Qui n’a pas vu le Stade de la réunification début des années 70 n’a pas eu dix-huit ans dans notre pays. Qui n’a pas vu Dynamo – Canon dans ces années-là, en Coupe du Cameroun sur cette pelouse, avec Jean Moni en possession de tous ses moyens, n’a jamais vu le football comme il s’est déjà pratiqué au Cameroun. En nocturne, je dois le rappeler. Je ne parlerai pas du Stade Ahmadou Ahidjo, à Yaoundé, qui était tout aussi magique.
Il convient de rappeler que la construction des deux stades a été une entreprise considérable de l’administration Ahidjo et a accaparé pas loin du quart du budget de l’État à l’époque. Ces deux stades, faut-il le rappeler, sont encore là. Ils ne sont pas plus vieux que le Parc des princes, Wembley ou le Maracana. Peut-on vraiment prétendre que depuis les années 70 le Cameroun n’a pas de stades de football ? Combien faut-il de stades dans un pays de football amateur comme le nôtre pour contenter les amateurs ? A quel rythme faut-il donc construire des stades de football chez nous pour faire taire la déplorable rengaine du déficit d’infrastructures ?
Pas très loin de chez nous, la Côte d’Ivoire, un pays avec lequel nous soutenions avantageusement la comparaison dans les années 70 mais qui nous a lâchés depuis au moins 15 ans, actuellement au pinacle du hit-parade des nations de foot en Afrique, a le Félicia d’Abidjan. Construit en 1964 et rénové il y a juste 5 ans, un choix fait par les pouvoirs publics ivoiriens à l’approche d’une grande manifestation sportive internationale. La première nation de football en Afrique n’a rien d’autre. Mais le Félicia est un petit bijou. Manucuré, chouchouté, bichonné, il est au centre de toutes les attentions, il est irréprochable depuis des années et n’a jamais été l’objet de quolibets comme l’est le Stade Ahmadou Ahidjo.
Nous avons un nouveau stade, et c’est tant mieux. Mais qui parmi mes lecteurs pourrait jurer que le stade de Limbé sera viable dans dix ans ? Les chances sont grandes, n’est-ce pas, que ce stade ressemble au Stade de la réunification dans dix ans ? Cela conforte l’idée toute simple que la rénovation des deux grands stades que nous avons aurait dû être entreprise depuis longtemps.
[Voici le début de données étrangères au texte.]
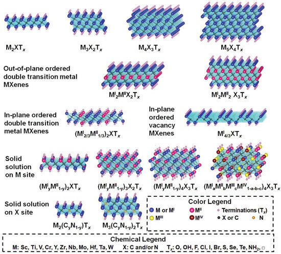 The structures and compositions of typical MXenes. In the formula of MXenes, which is Mn+1XnTx, M is an early transition metal, X is either carbon or nitrogen, and Tx is the symbol for surface terminations. A range of 1–4 is possible for the n value. One, two, or more transition metal atoms may occupy the M sites, leading to solid solutions or organized structures. Ordered double- transition metal MXenes can be found in various structures, including in-plane vacancy structures (i-MXenes) like Mo2/3CTx and (Mo2/3Y1/3)2CTx, and out-of-plane ordered structures (o-MXenes) like Cr2TiC2Tx or Mo2Ti2C3Tx, which consist of one or two layers of MII transition metal sandwiched between MI transition metals. Reprinted with permission from [24]. Copyright (2021), John Wiley and Sons.
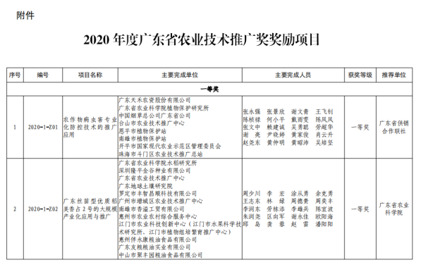 广东省农业技术推广奖是全国第一批设立的省级农业技术推广奖,2020年按照“重推广成效、重服务基层”原则,重点奖励我省在农业技术推广一线做出重要贡献的农业科技人员和单位,加快农业农村科技成果转化应用。此次获奖项目共130项,其中一等奖项目21项,二等奖项目54项,三等奖项目55项。
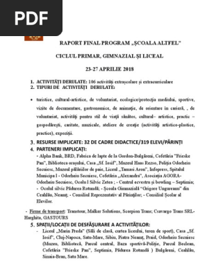 Raport Final Program Scoala Altfel Scoala Gimnaziala Nicolae Stoleru Baia
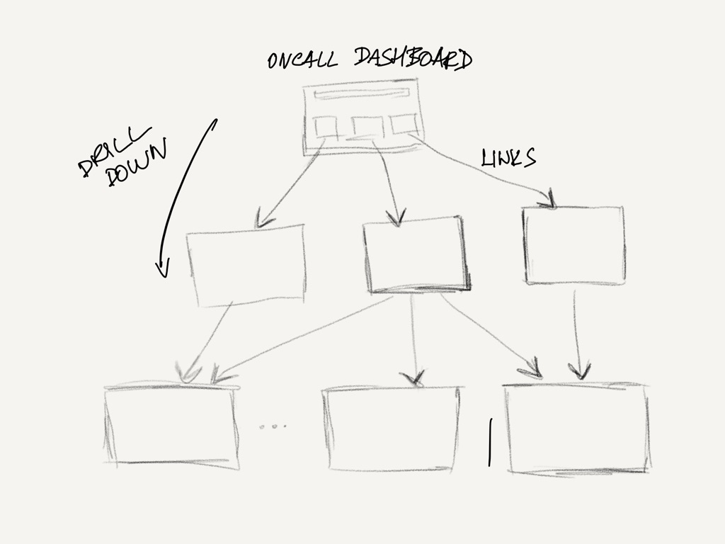 What is a drill-down strategy? It means that you have a central dashboard with overview as a single point of contact for your oncall engineers and then there are more detailed dashboards linked from the central dashboard.
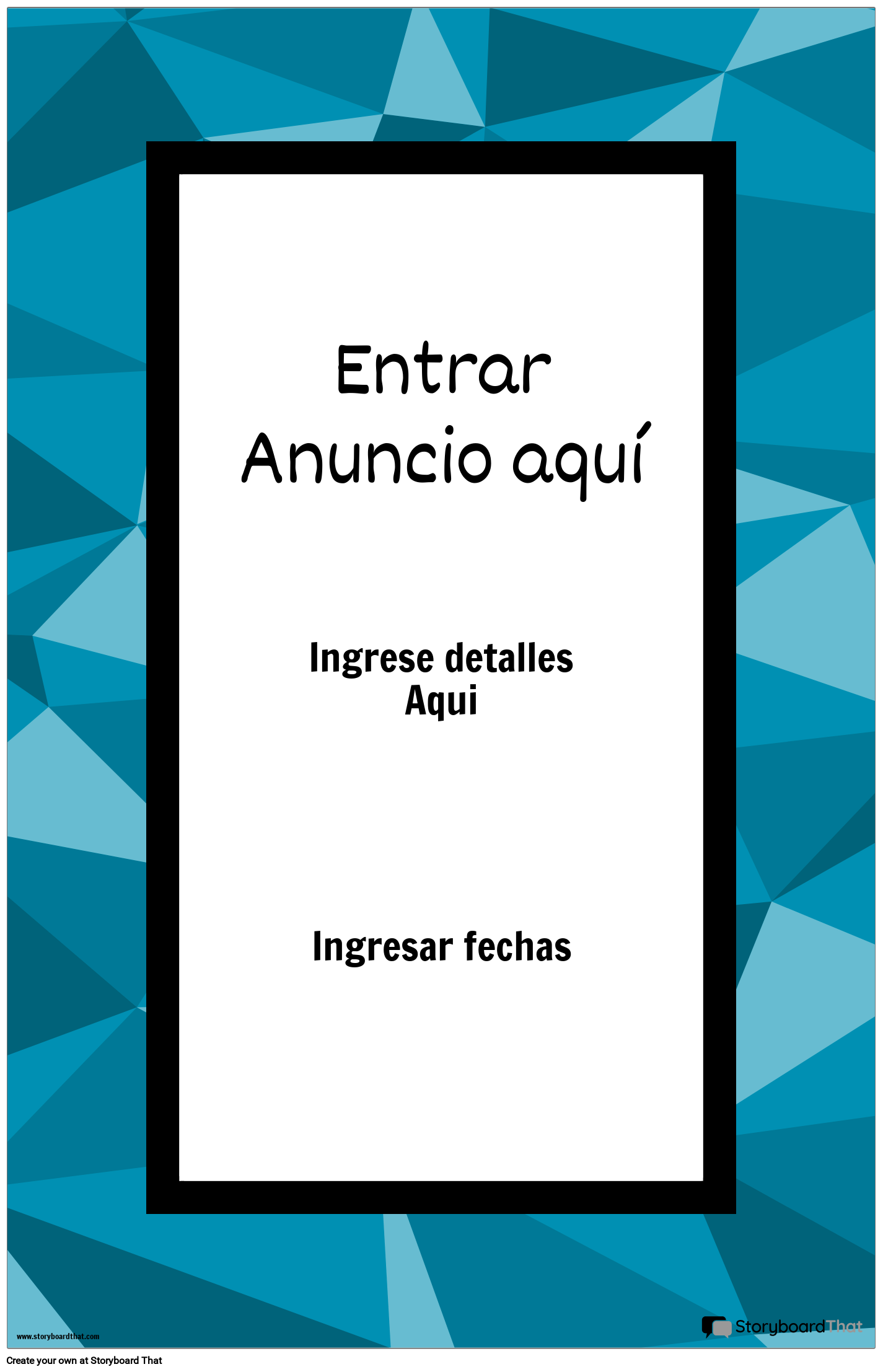 Los carteles de anuncios son una excelente manera de llamar la atención y hacer correr la voz sobre eventos o anuncios importantes. Si usted es un maestro que busca promover una nueva clase o actividad, un administrador que comunica un cambio en la política escolar o una organización estudiantil que anuncia un próximo evento, podemos ayudarlo a hacerlo de manera efectiva. En Storyboard That, facilitamos la creación de llamativos carteles de anuncios que llamarán la atención. Nuestra plataforma ofrece una gama de plantillas de anuncios gratuitas y un creador de carteles de anuncios fácil de usar para ayudarlo a diseñar su cartel perfecto.
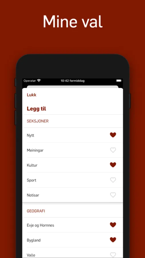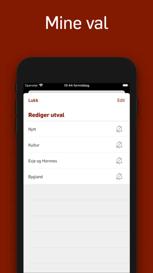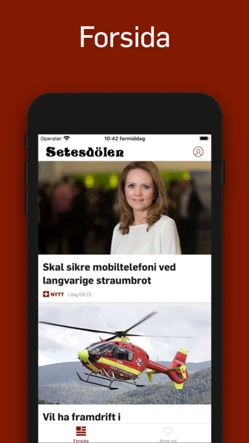 I den nye appen vår kan du vera din eigen nyheitssjef. Vel sjølv kva kategoriar, emne og stader du ønskjer nyheiter frå og vil bli varsla om. Du kan òg følgja din favorittjournalist. Hald deg oppdatert om det du sjølv synest er viktig i våre artiklar, bilete og videoar.

Deux grands stades rénovés et un ou deux stades d’appoint seraient largement suffisants pour les besoins actuels et à long terme et témoigneraient de la circonspection de l’État en matière de dépense des ressources publiques.
Il restera toujours, bien entendu, la question cruciale de la maintenance et de la préservation de l’investissement public. Le spectacle du Stade de la réunification en ruines est insoutenable. Il servirait à quoi donc de construire ou de rénover des stades pour ensuite les laisser à l’abandon ? L’État paie, nous lui en savons gré, mais il n’a pas toujours réussi à préserver ses investissements dans le secteur des sports et, il faut bien le dire, il n’a pas pour mission de gérer des stades de football.